Büyüde ise tam tersi bir durum var: Büyü yapan bencilliğinden kurtulmuş değil. Arzusunun evrenle uyumunu arıyor değil. Tevhidî bütünlüğün parçası olmayı kabullenebiliyor değil. Ya? Menfaati ekseninde herşeyin şekillenmesi arzusunda. "(…) gülmeyi ağlamak, terhisâtı soymak ve talan etmek tevehhüm ediyor." Nasıl? Sevdiği adama/kıza meşru yollardan kavuşamıyor mesela. Doğru olan takdir-i Huda'yı kabullenip kadere tevekkül etmekken o başaramıyor. Teslim olmak yerine teslim almayı deniyor. Kendisi günaha girdiği gibi sevdiğine de zarar veriyor. Büyülediği ne kendisine ne de başkasına gönül huzuruyla yâr olabiliyor.
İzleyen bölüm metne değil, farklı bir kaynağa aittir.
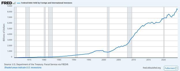 - According to US Treasury TIC data, foreigners have lent us $26 trillion in US debt and equity. That number likely understates foreigners’ total investment in the US.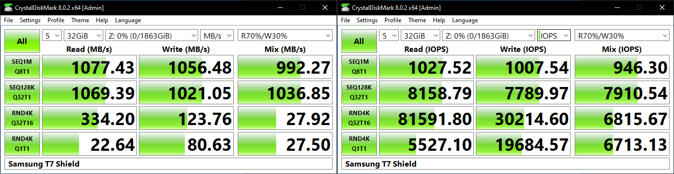 The performance in these workloads depends on the raw interface speed, and the capabilities of the internal SSD. The top drives are either those with a 20 Gbps interface, or ones with DRAM-equipped internal SSDs. Since the T7 Shield is a DRAM-less PSSD, it comes in the middle of the pack.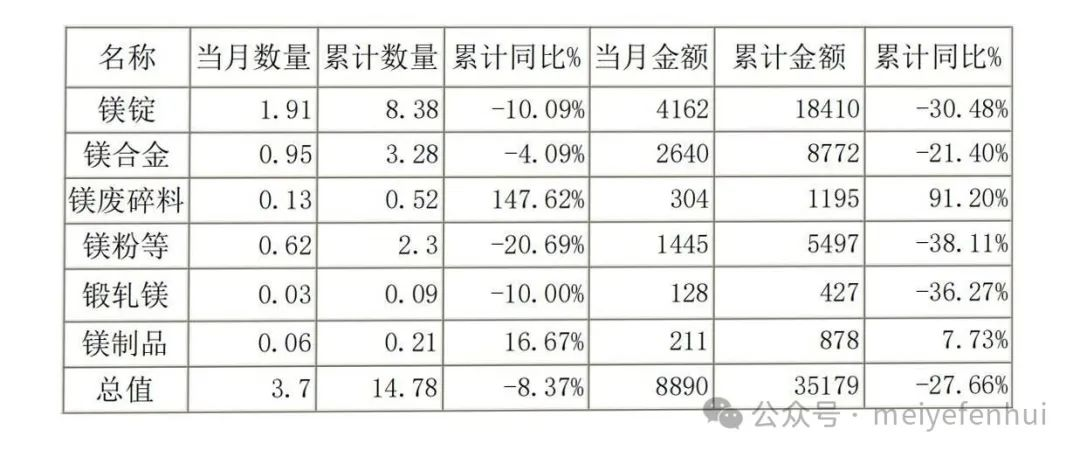 據(jù)海關(guān)總署統(tǒng)計數(shù)據(jù)顯示,2025年4月份中國出口各類鎂產(chǎn)品約3.7萬噸,環(huán)比下降10.84%,同比增長3.35%,出口金額約0.89億美元,環(huán)比下降9.2%,同比下降12.75%。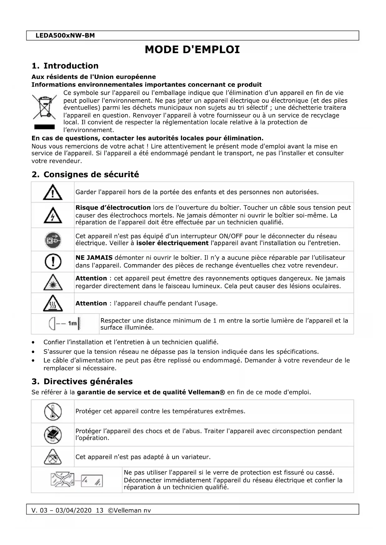 Velleman SA est l’ayant droit des droits d’auteur de ce mode d'emploi. Tous droits mondiaux réservés. Toute reproduction, traduction, copie ou diffusion, intégrale ou partielle, du contenu de ce mode d'emploi par quelque procédé ou sur tout support électronique que ce soit est interdite sans l’accord préalable écrit de l’ayant droit.LEDA500xNW-BM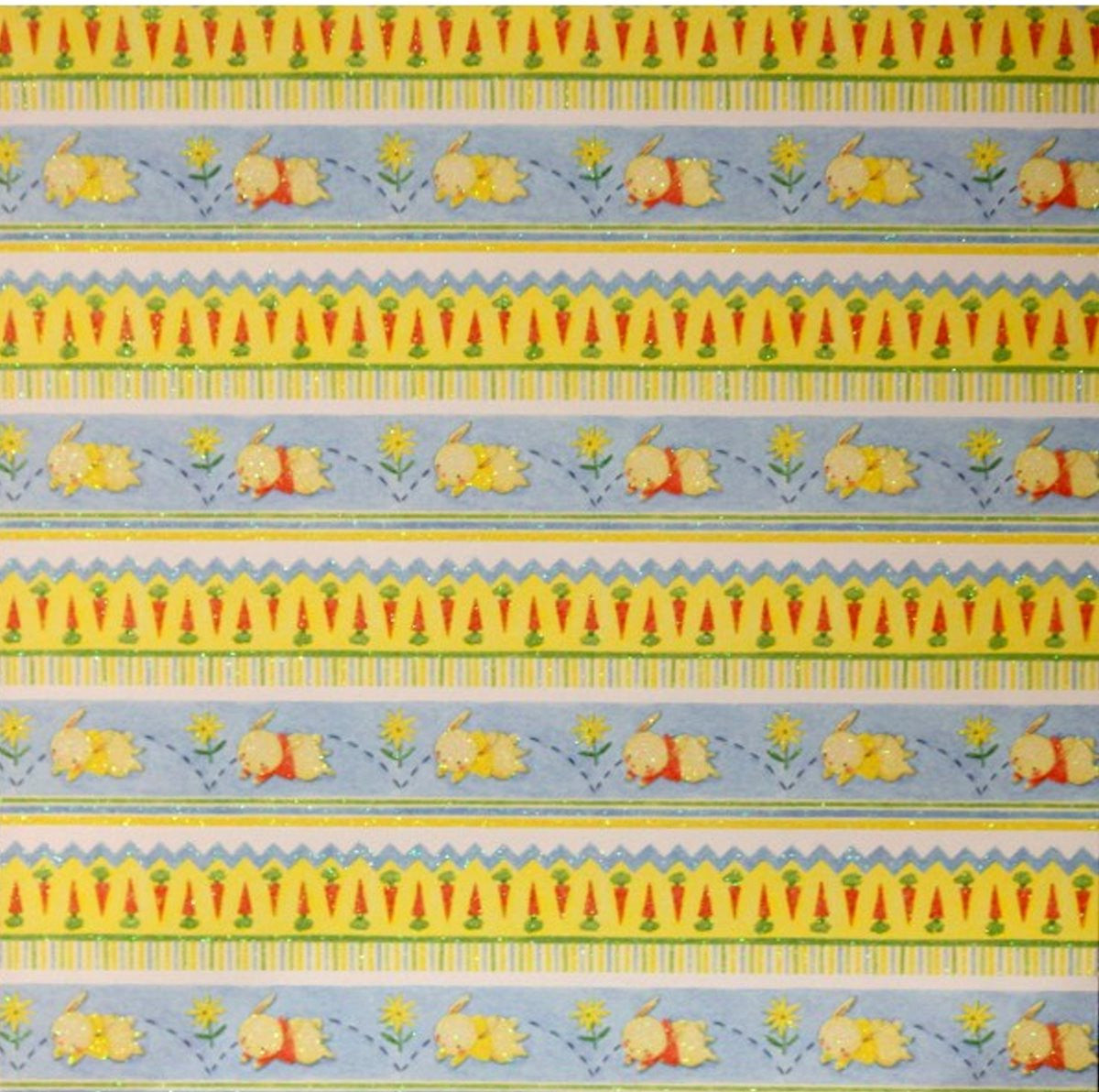 This is a sheet of 12" x 12" DCWV Heat Embossed Baby Bunnies In A Row Nursery Rhymes Cardstock Scrapbook Paper. This paper is great to make baby scrapbook pages, cards, tags or any other project and is considered a specialty paper because it is embossed with a raised surface.
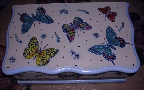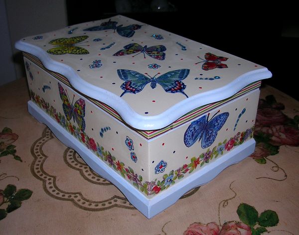 13-14 yaşlarında genç bir kızımız için çalıştığım takı kutusu. Peçete dekupajı uygulayıp boyutlu boyalarla küçük puantiyeler yapıp hareketlendirdim. Şık bir kutu oldu siz ne dersiniz?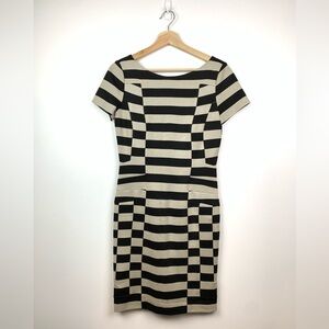 Diane Von Furstenberg Dress Kathleen Stripes Beige Black Sz 6 Short Sleeves DVF
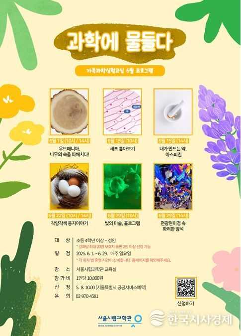 과학에 물들다는 초등학생 4학년 이상 가족을 대상으로 ‘서울시 공공서비스예약’ 시스템을 통해 예약 후 참여할 수 있다.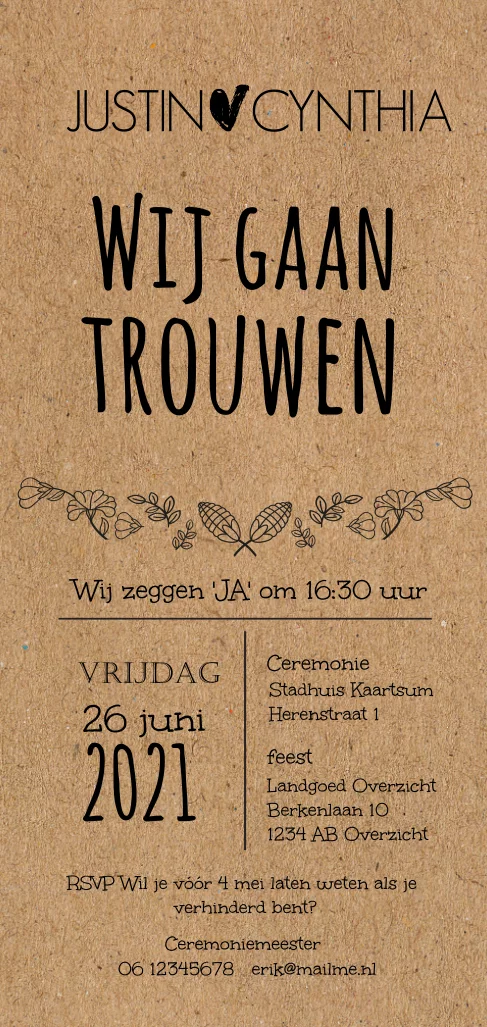 Deze trouwkaart met kraft-achtergrond heeft een hippe look. Speciaal zijn de tekeningen met zwarte pen van de blaadjes. Ook lief is het hartje tussen de namen bovenaan. Pas de teksten aan en maak hem af!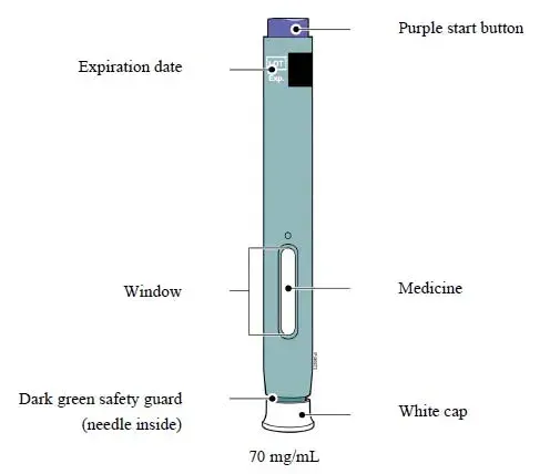 - Injection : 70 mg / ml dans un suréclick préfabillé à dose unique ® auto-injecteur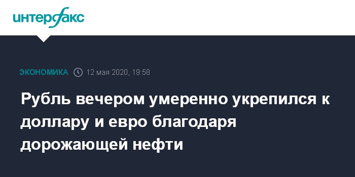 Как отмечают эксперты "Интерфакс-ЦЭА", рубль продолжает умеренно повышаться к доллару и евро на вечерних торгах на фоне нефти, котировки которой растут на сообщениях о планах дополнительного сокращения добычи нефти Саудовской Аравией и некоторыми другими странами ОПЕК. Опережающий рост рубля к доллару и менее заметная динамика в паре с евро связаны с падением котировок американской валюты на Forex, в том числе к евро, после того, как президент США Дональд Трамп призвал ФРС снизить процентные ставки до отрицательных величин.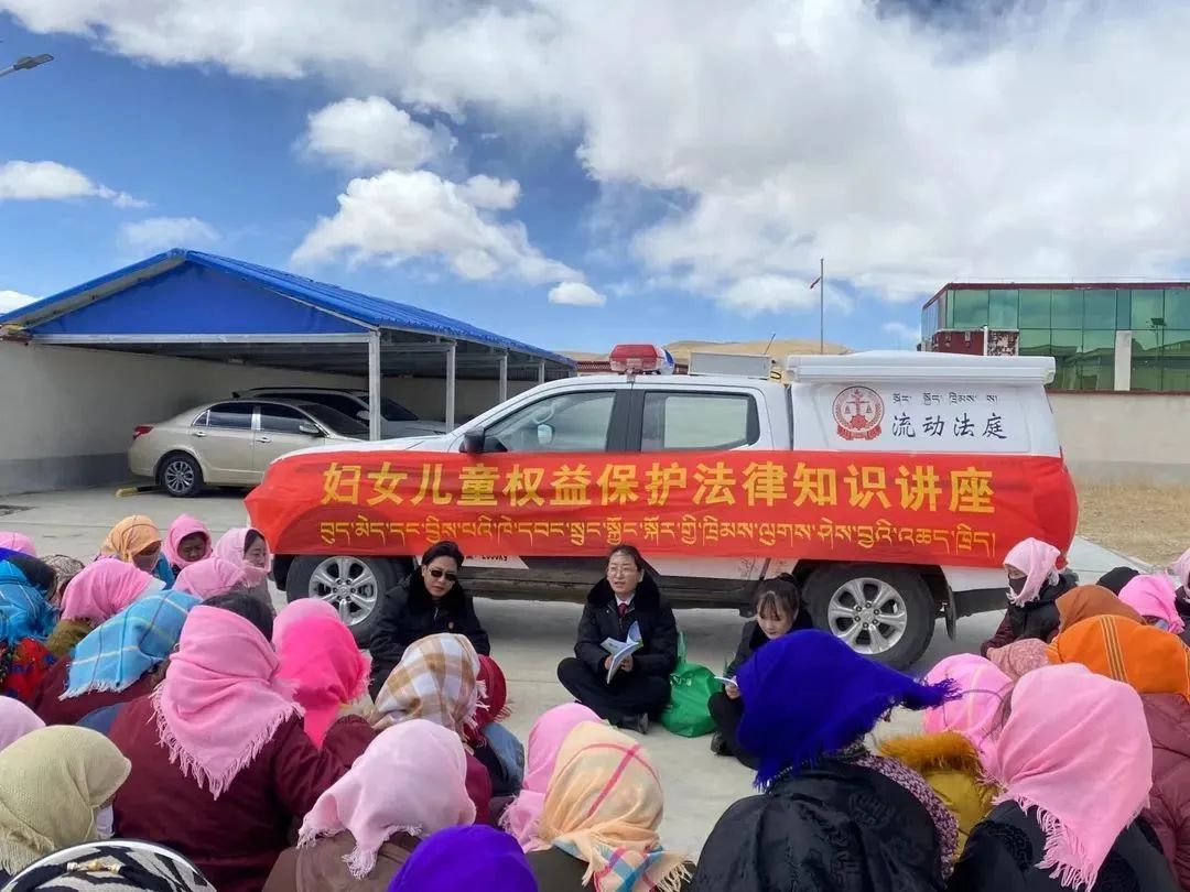法治文化重在传播普及、贵在落地生根。为滋养助推文明乡风、良好家风、淳朴民风的培育发展,“法耀天平”法宣队以大课堂为载体,切实找准乡村振兴司法服务多样化需求的切入点,结合《民法典》中的常见法律问题,为法律明白人、人民调解员、村(居)委员、乡村党员、弱势群体等特定人群开展系列普法宣传,形成带头学法、知法、守法、用法的良好氛围,让法治文化在草原牧区生根发芽、开花结果。色尼法院古露法庭联合片区司法所,干警民警齐发力,及时梳理反馈调解组织工作中存在的问题,组织辖区人民调解员、“法律明白人”30余人开展培训指导工作,从源头上促进调解工作规范化、法治化。安多法院雁石坪法庭按照“普法随人群流动,普法向群众聚合”的工作思路,坚持党建引领,联合镇司法所、派出所组成普法宣传队,以“播撒法治‘种子’ 滋养乡村‘净土’”为主题开展法治宣传进村居活动,共发放宣传资料、法治礼品300余份,解答法律咨询10余人次,受教群众达200余人。索县法院荣布法庭“索秀卓姆·法耀天平法宣队”通过开展案例释法、巡回送法等形式多样、更接地气的法治宣传活动,让《民法典》“唠”进群众家,将法治理念、法律知识精准送到身边、植根心中。班戈法院青龙东嘎法庭邀请妇女群众参与法庭开放日活动,通过直观感受、聆听讲解、专题讲座等方式,让现场妇女群众充分了解法庭工作,切实提升妇女群众法治意识和维权能力,活动中共发放宣传资料300余份,受益群众达80余人次,解答法律咨询5次。

Nazara karşı "Maşaallah!" dememizde de böyle bir mananın izleri var sanki. Maşaallah ne demek arkadaşım? Ben şöyle biliyorum: "Allah dilemiş!" veya "Allah ne güzel dilemiş!" demek. Yani orada kendine birşey hatırlatıyorsun. Onun öyle olmasının Allah'ın takdiri olduğunu anımsatıyorsun. "Dur!" diyorsun tabir-i caizse kendine. "Dur bakalım! Çok beğendin. Hatta kıskandın. Başkasında olmasına içinden hüzünlendin. Hased ettin. Tamam. Ancak hatırla! Bu güzelliğin şurada olmasını takdir edeni hatırla. Onun öyle olmasını Allah diledi. Allah'ın dilediği elbet de en uygun olandır. Onun hikmetinden, rahmetinden, ilminden ve takdirinden razı ol. Rızasını ara. Düşün. Düşün ki, o neyi dilemişse, nasıl dilemişse, en uygunu odur." Evet. Kendi nazarımıza karşı dahi böyle bir tedbir alıyoruz. Tevekkül çağrılıyoruz.

Asıl söylemek istediklerime geleyim hızlıca. Bugün Kur'an okurken iki ayet arasındaki ilgi dikkatimi çekti. Yunus sûresi 2. ve 3. ayetler. Kısa bir mealiyle bize şöyle buyururlar kendileri: (2): "İnsanları (eğri yolun sonundan) korkut, inananlara Rableri nezdindeki yüksek makamları müjdele, diye içlerinden bir adama vahyimizi göndermemiz onlara tuhaf mı geldi? Kâfirler: 'Hiç şüphesiz bu besbelli bir sihirbaz!' dediler." (3): "Rabbiniz o Allah’dır ki, gökleri ve yeri altı günde yarattı, sonra arş üzerine istiva etti (hükmü altına aldı), işi tedbir eyliyor. İzni olmaksızın hiçkimse şefaatçi olamaz. İşte Rabbiniz olan Allah budur. Ona ibadet ediniz! Hâlâ düşünüp ibret almayacak mısınız?"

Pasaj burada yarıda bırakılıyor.